------ Supplied data ------

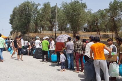 مهجرو جزيرة متليني باليونان يشكون سوء الطعام وصعوبة الحصول على الماء
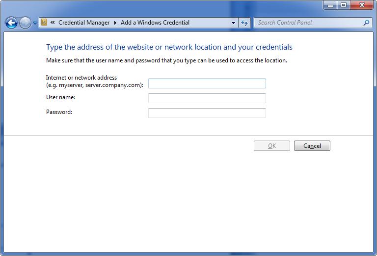 In the Credential Manager, choose Add Windows Credentials, and then enter the address of your proxy server and the username and password it requires:
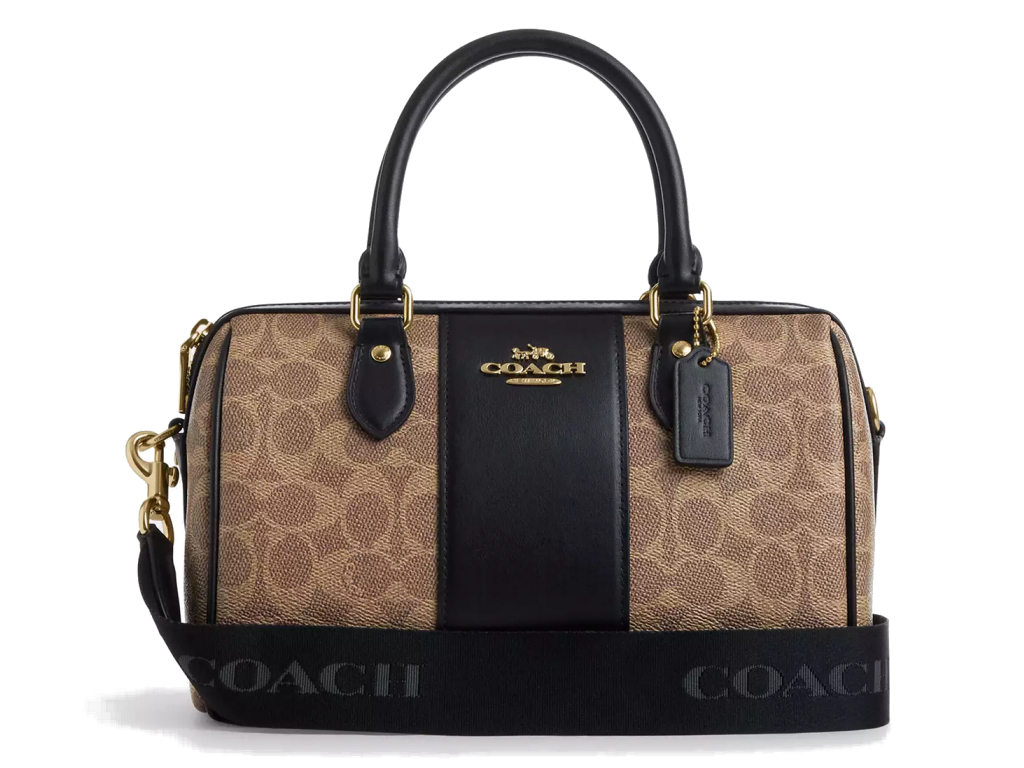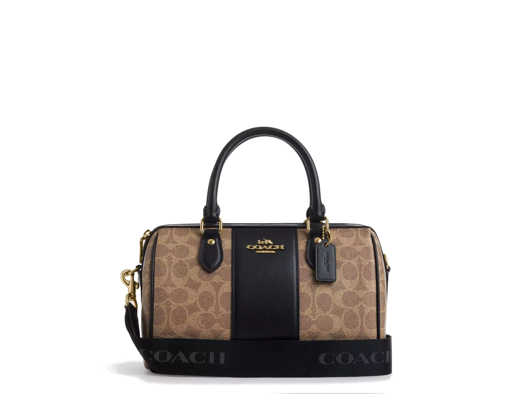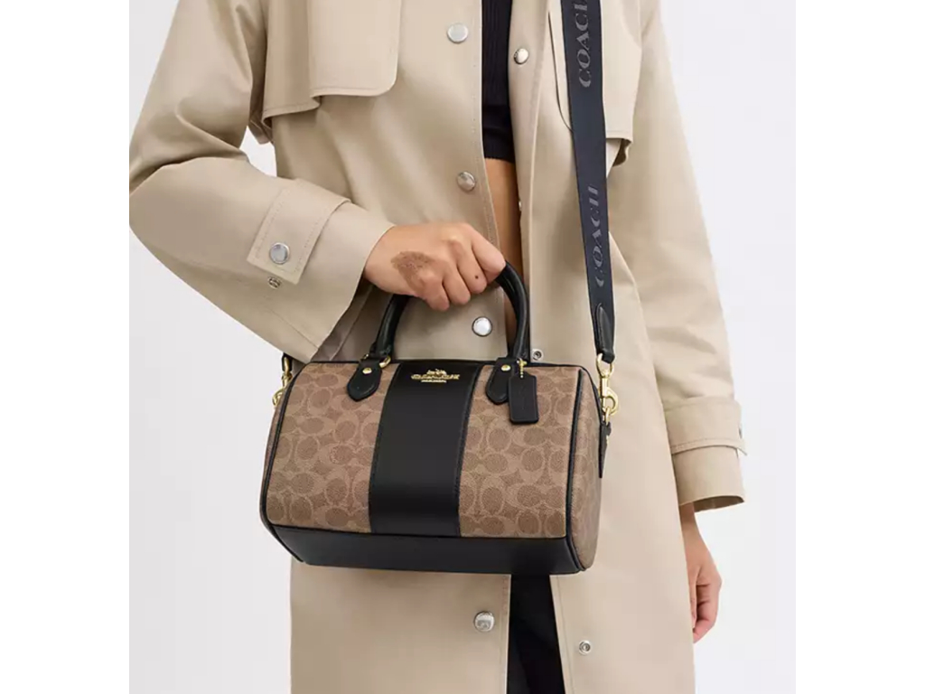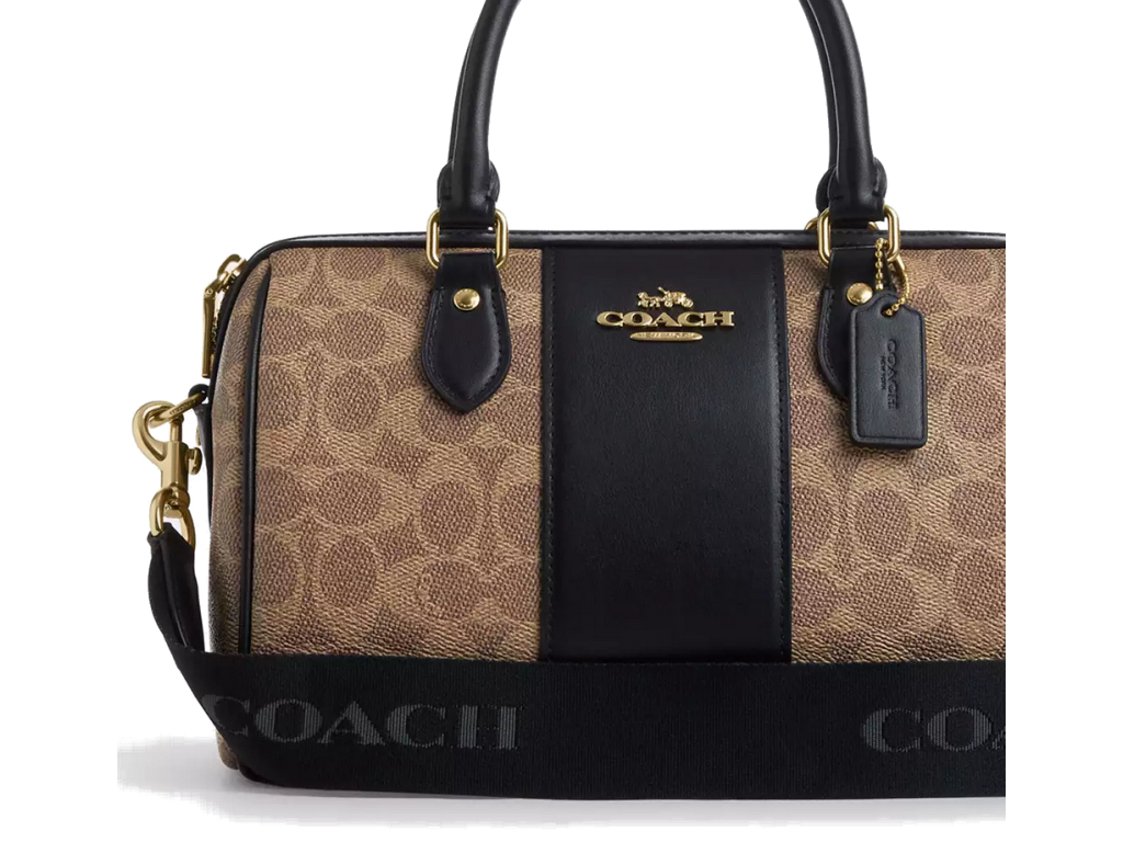 COACH Kabelka Rowan Satchel Bag In Signature Canvas Gold Tan Black
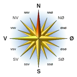 | Nord til øst[1] | N. t. Ø. | 11,25° | 12,5 gon |
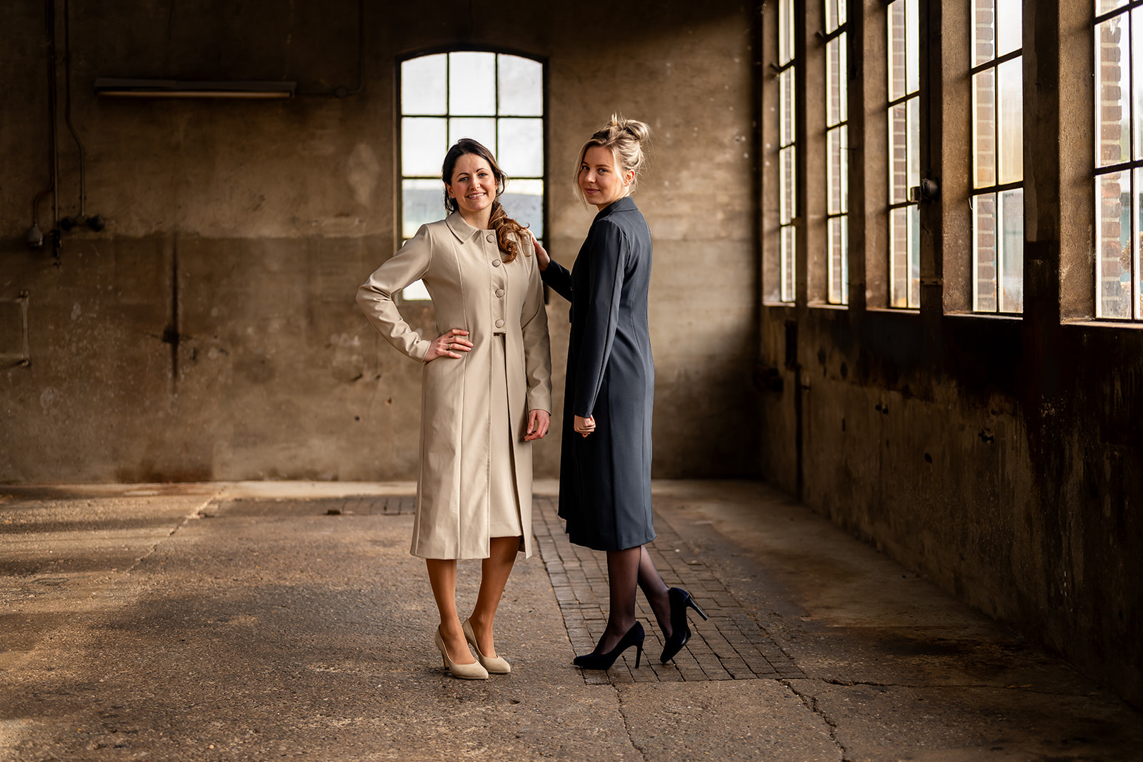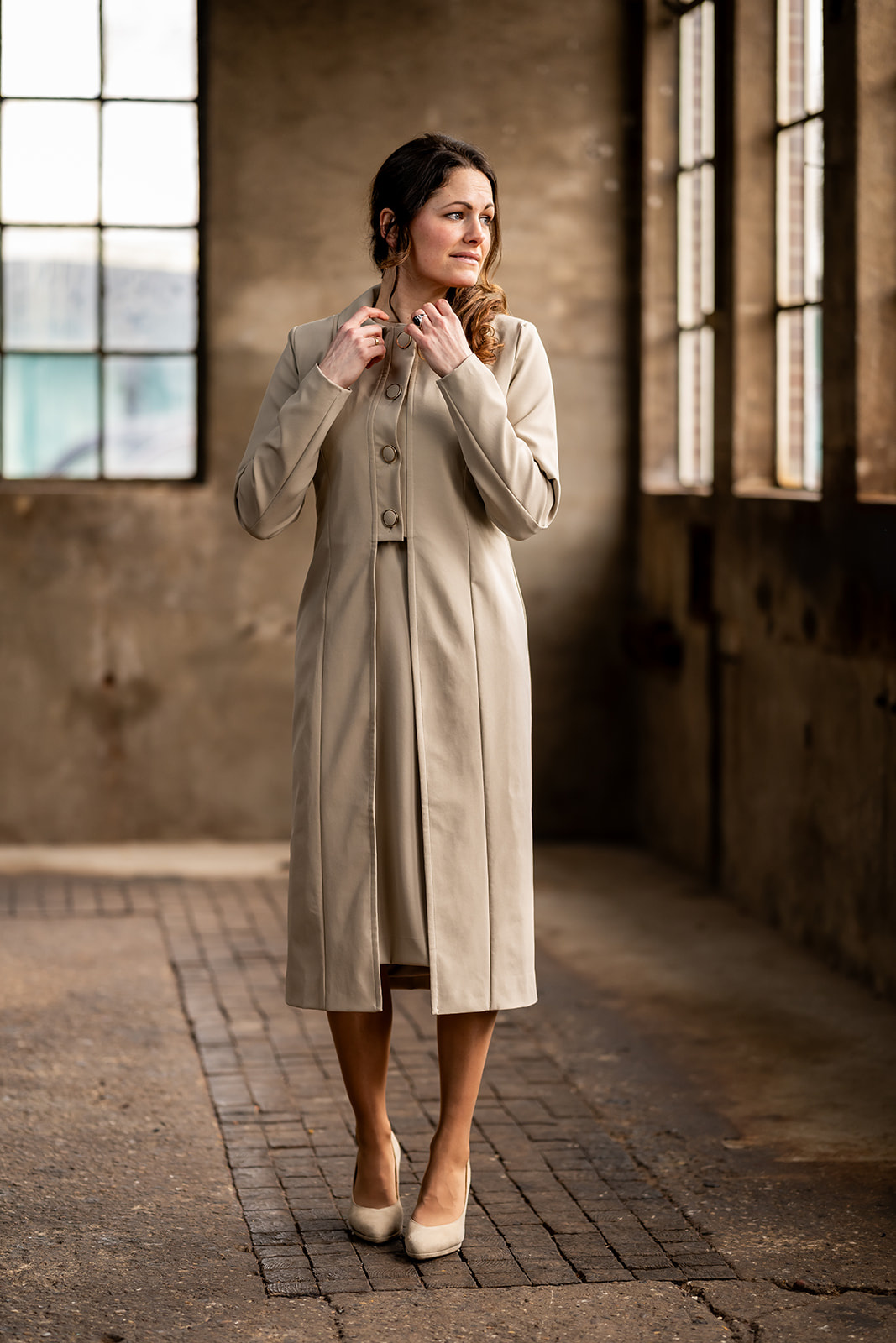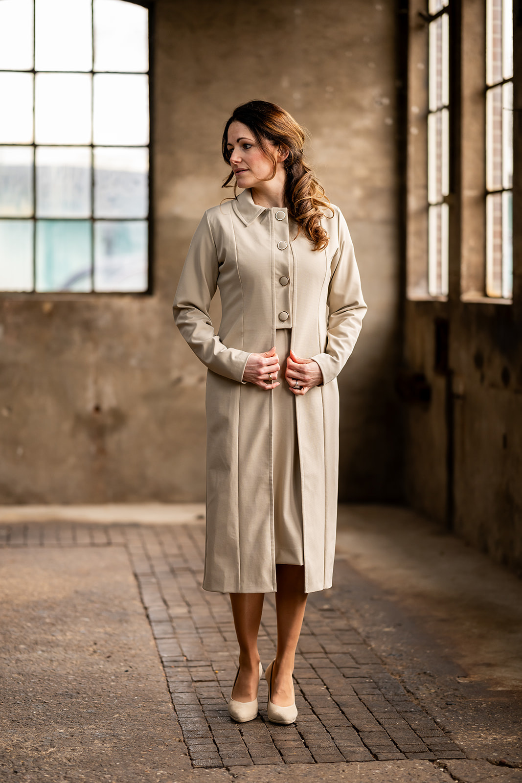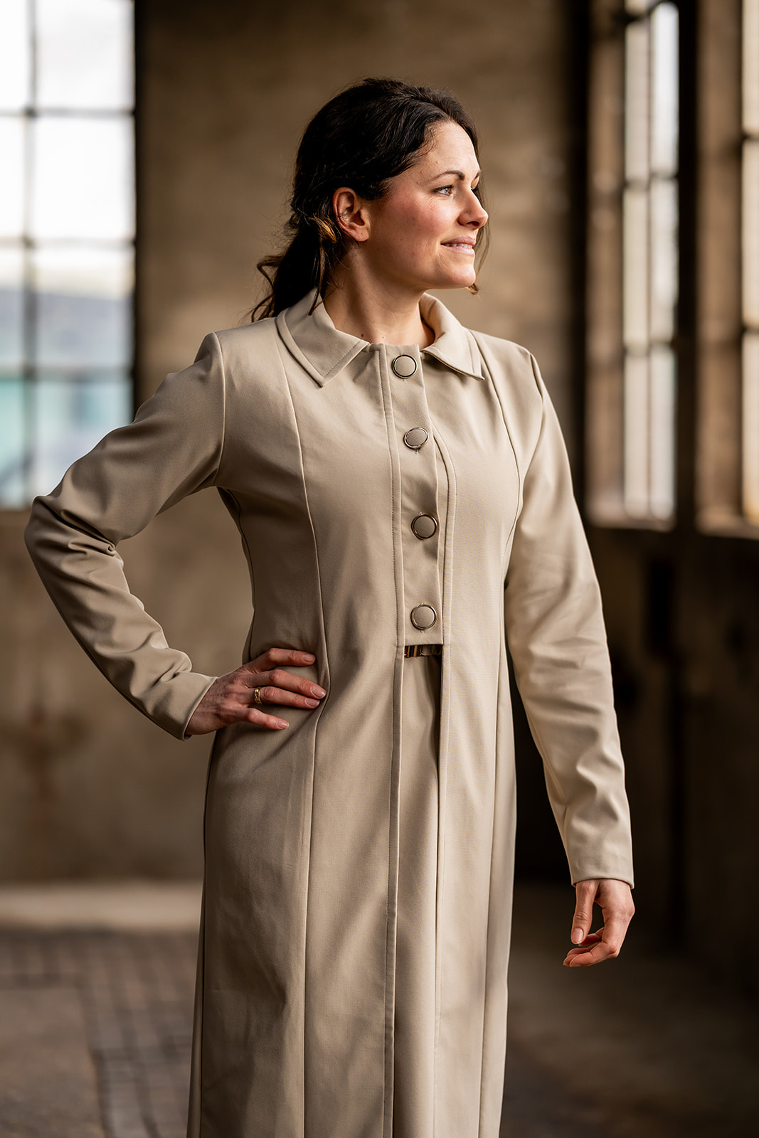 Lange jas met kraag en diverse figuur- deelnaden rondom. De jas heeft voorraan een kort smal pasje met knoopsluiting. De jas is voorzien van een voeringstof en is gemaakt in een stevige double wave kwaliteitsstof.

------

Exercise brief → Go through the entries and retype them exactly, except for the images.

Worked solution →
 مهجرو جزيرة متليني باليونان يشكون سوء الطعام وصعوبة الحصول على الماء
 In the Credential Manager, choose Add Windows Credentials, and then enter the address of your proxy server and the username and password it requires:
 COACH Kabelka Rowan Satchel Bag In Signature Canvas Gold Tan Black
 | Nord til øst[1] | N. t. Ø. | 11,25° | 12,5 gon |
 Lange jas met kraag en diverse figuur- deelnaden rondom. De jas heeft voorraan een kort smal pasje met knoopsluiting. De jas is voorzien van een voeringstof en is gemaakt in een stevige double wave kwaliteitsstof.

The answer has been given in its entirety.